At the end of the meeting, I took a moment to laugh with Johnathan, stating that he surely has a future in politics, as he was able to avoid answering my questions by offering stories akin to Aesop’s Fables. After we had a good laugh, I suggested the S.T.A.R method for him to practice, namely: Situation, Task, Action, Result, and in providing a few examples based on his responses, he seemed to appreciate the efficient and succinct nature of this tool. I also suggested that he focus on his passion for leadership in addressing his strengths, as it was clear that this was a genuine area of interest to him, and so this focus should assist him in moving away from philosophical stories and more effectively engage with contextualizing his actual experiences and skills.

Laura:

Laura arrived for her appointment and introduced herself in a very quiet voice, which continued throughout the remainder of the mock interview. Contrary to Johnathan, Laura’s answers were very concise and her answers well-suited for an interview. However, her answers were actually too brief, only indicating a skill or a task, without contextualizing with specific examples. Additionally, it was only after I told her the question-answer portion of the mock interview was complete and that she had done a good job, that her whole body relaxed and I saw her smile for the first time.

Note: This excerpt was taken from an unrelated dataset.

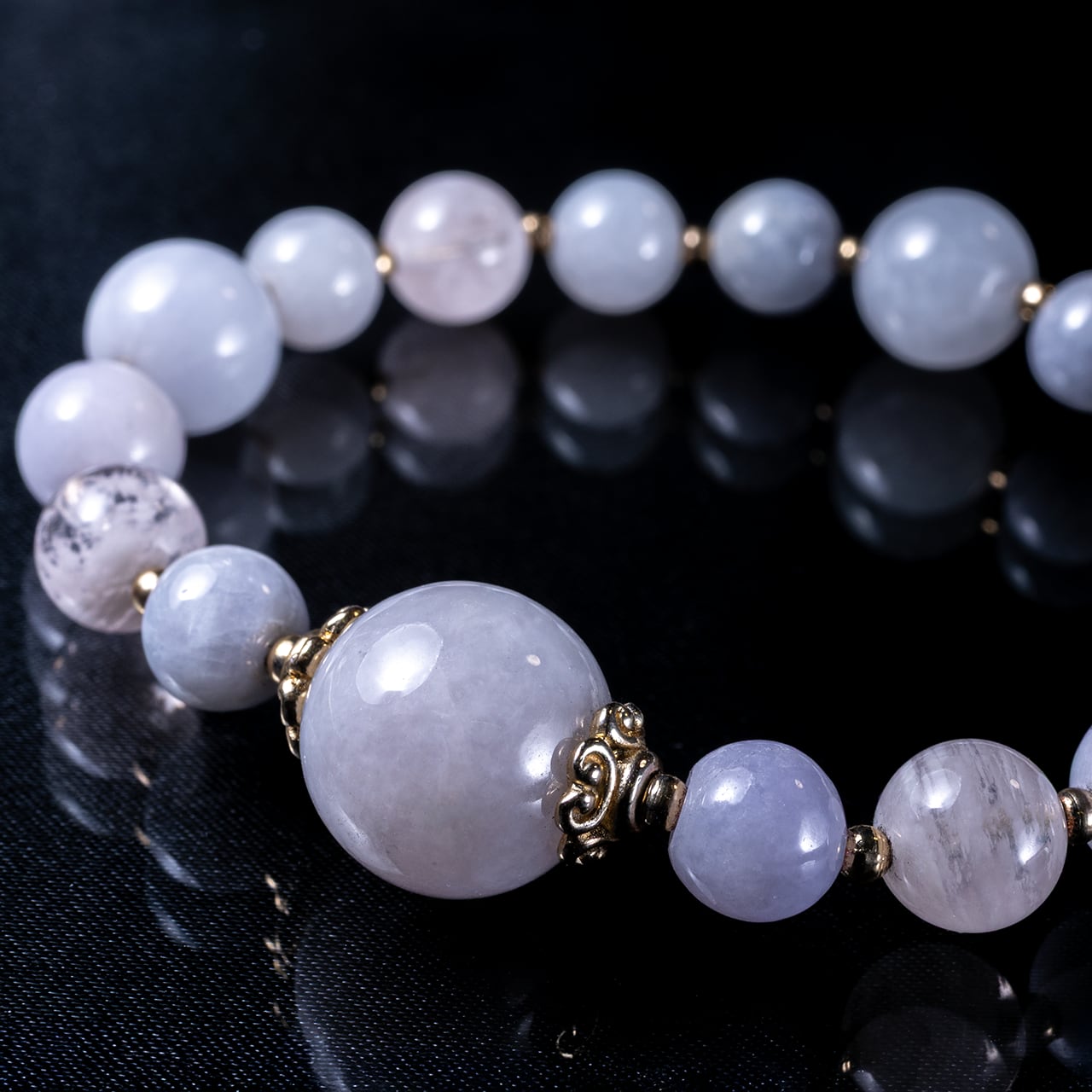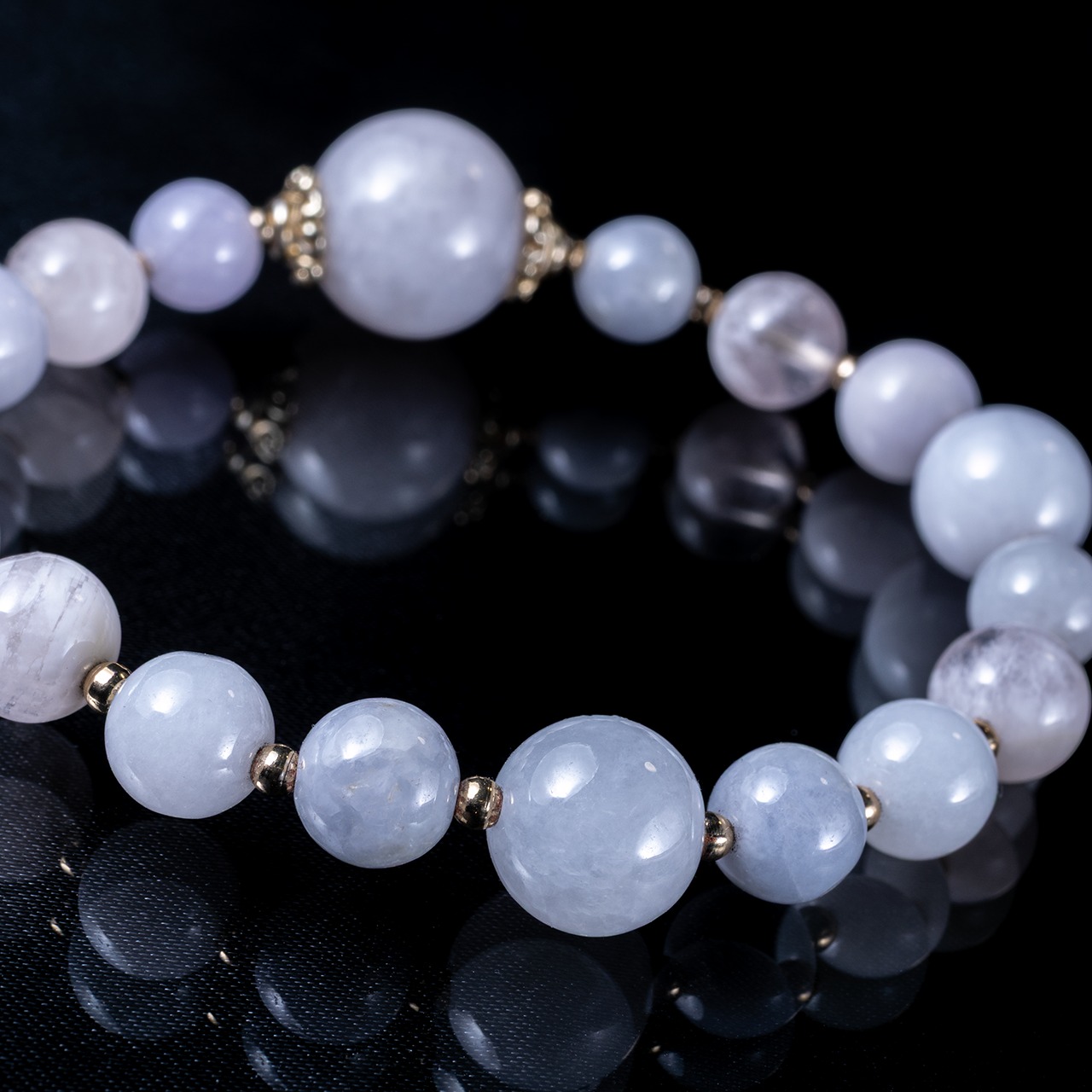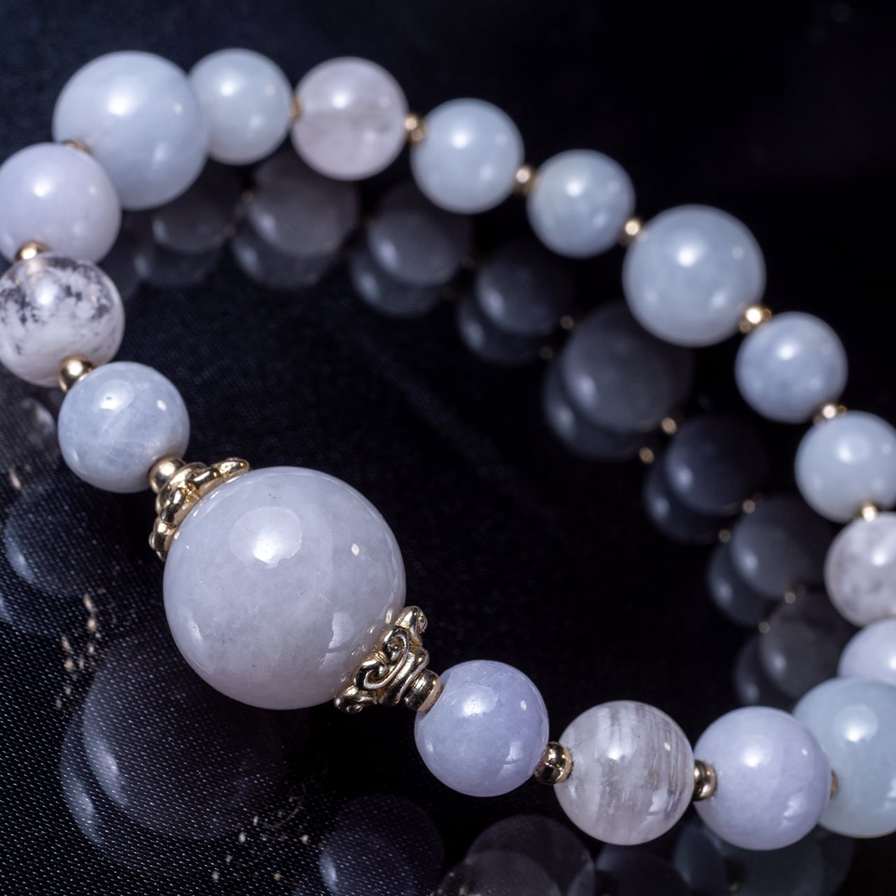 やさしく心を包み込むラベンダー翡翠と、内なる叡智を呼び覚ますセリサイトインクォーツ。

Laura would like to be a health/wellness coach, completing her Associate’s Degree and either getting specific certification for this career, or attending a local 4-year institution to  receive her Bachelor’s Degree in physical education. When I asked her in what ways this community college was a good fit for her, she explained that she recently had a baby and so this school was the most appropriate option for her. I encouraged Laura to consider what classes have informed her interest in wellness coaching, and to be ready to address those connections in an interview. I also encouraged her to rely on her life experience to foster situational examples to share in an interview. For example, by the time I asked her how she deals with pressure, she had already mentioned the fact that she’s a mom and she enjoys meditating. So, in addressing the question about pressure, I suggested she look to the challenges of being a new mom and her coping mechanism of meditation to lead her in a direction to answer the question. At the end of the session Laura looked like a whole new person, relieved and confident.

Matthew:

Matthew provided me with a great opportunity to learn. He is originally from the Congo and is cognizant of his effort to improve his communication skills. He had been offered a financial and athletic scholarship to a private college, but unfortunately, the scholarship did not cover enough of the cost, and so his father suggested he attend this community college and try transferring to a 4-year institution after completing his Associate’s Degree.

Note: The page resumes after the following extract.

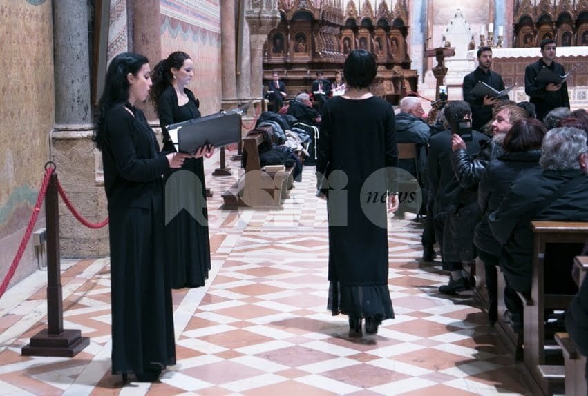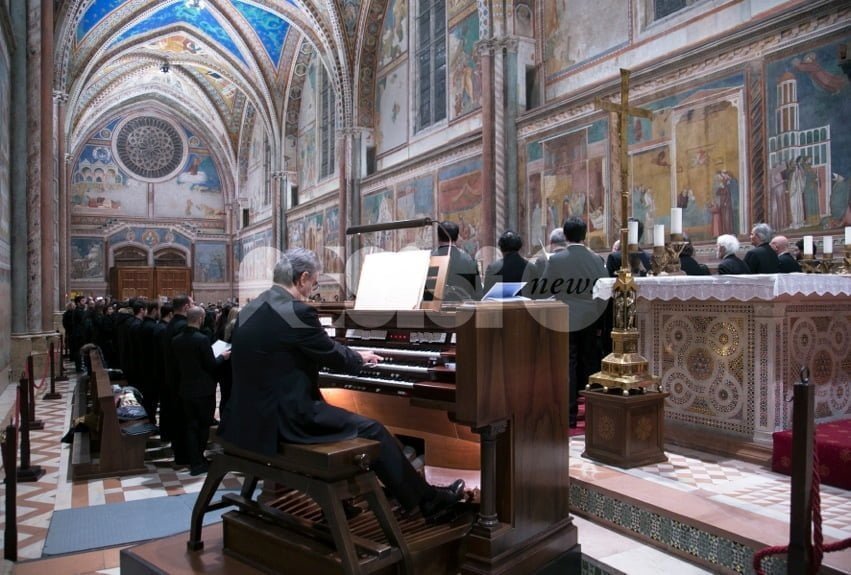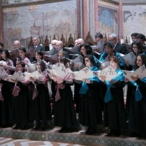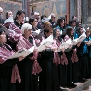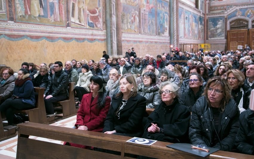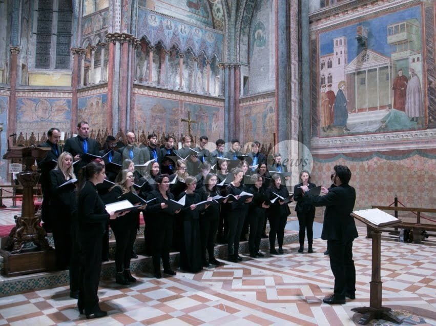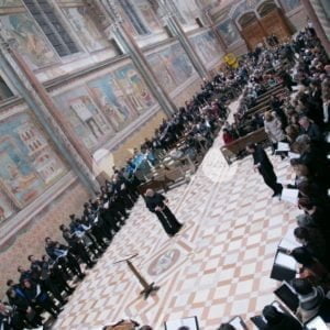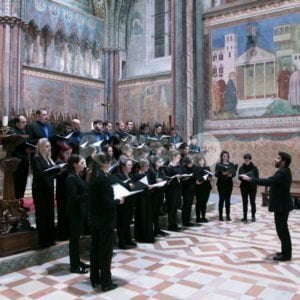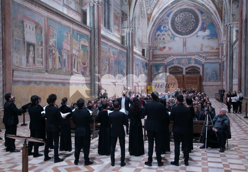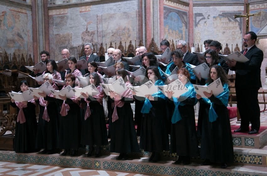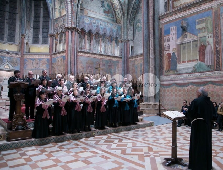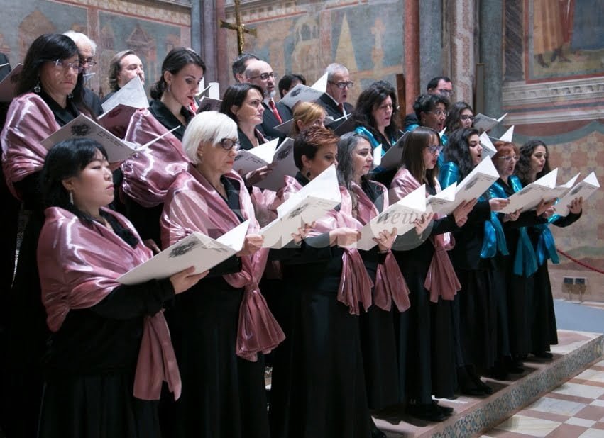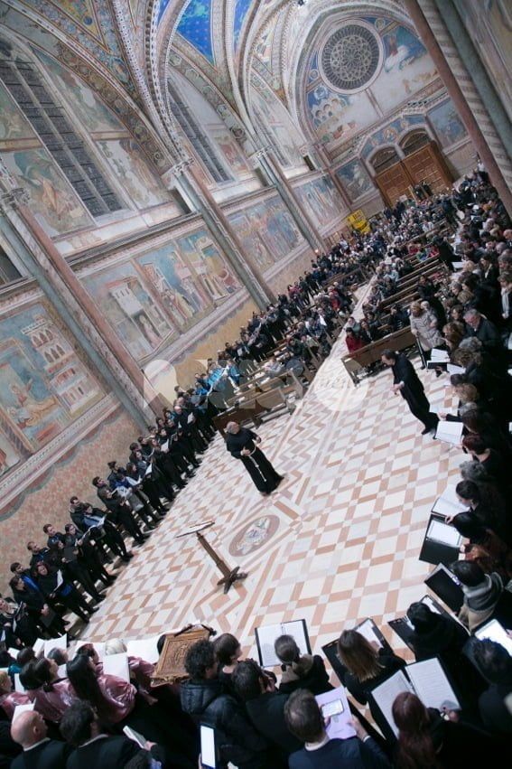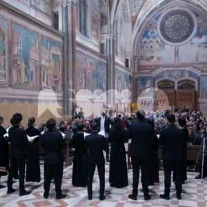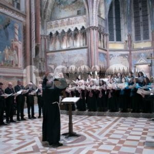 Basilica superiore di San Francesco gremita per il finale di Cantico Assisi 2017, che ha proposto un grande concerto tutti i cori esibitisi nella tre giorni preceduto dal coro Cappella musicale della Basilica Papale di San Francesco in Assisi “Compositori dall’Archivio Musicale della Basilica Superiore di San Francesco”, diretto da Padre Giuseppe Magrino, organo Eugenio Becchetti, il Coro Giovanile delle Marche, diretto da Michele Bocchini, il Coro Giovanile Umbro, diretto da Sergio Briziarelli, Ut Insieme vocale consonante, diretto da Lorenzo Donati.

In addition to the language barrier, it was clear that Matthew did not understand the process of how to answer questions in an interview. Due to his visa status, Matthew is unable to work at this time, and therefore, his work experience is minimal to none. However, Matthew was encouraged to learn that career development is about building skills which are not solely based on a job title, and therefore, he should consider ways to engage on campus or in extracurricular activities to increase his skill-set to reference in future interviews. We then repeated the mock interview questions, allowing him to practice responding based on his own skills and referencing his life experiences. We also discussed how he can address his communication challenges, by focusing on how this challenge has informed his dedication and perseverance to reach his goals, which he is well on his way to doing. Matthew hopes to become a manager of a large company like Walmart of Food Lion.

Indeed, these students are in the process of working toward their definition of the “American Dream.” I wish them all the very best, and thank them for reminding me of why I work in higher education and believe in the journey toward self-actualization.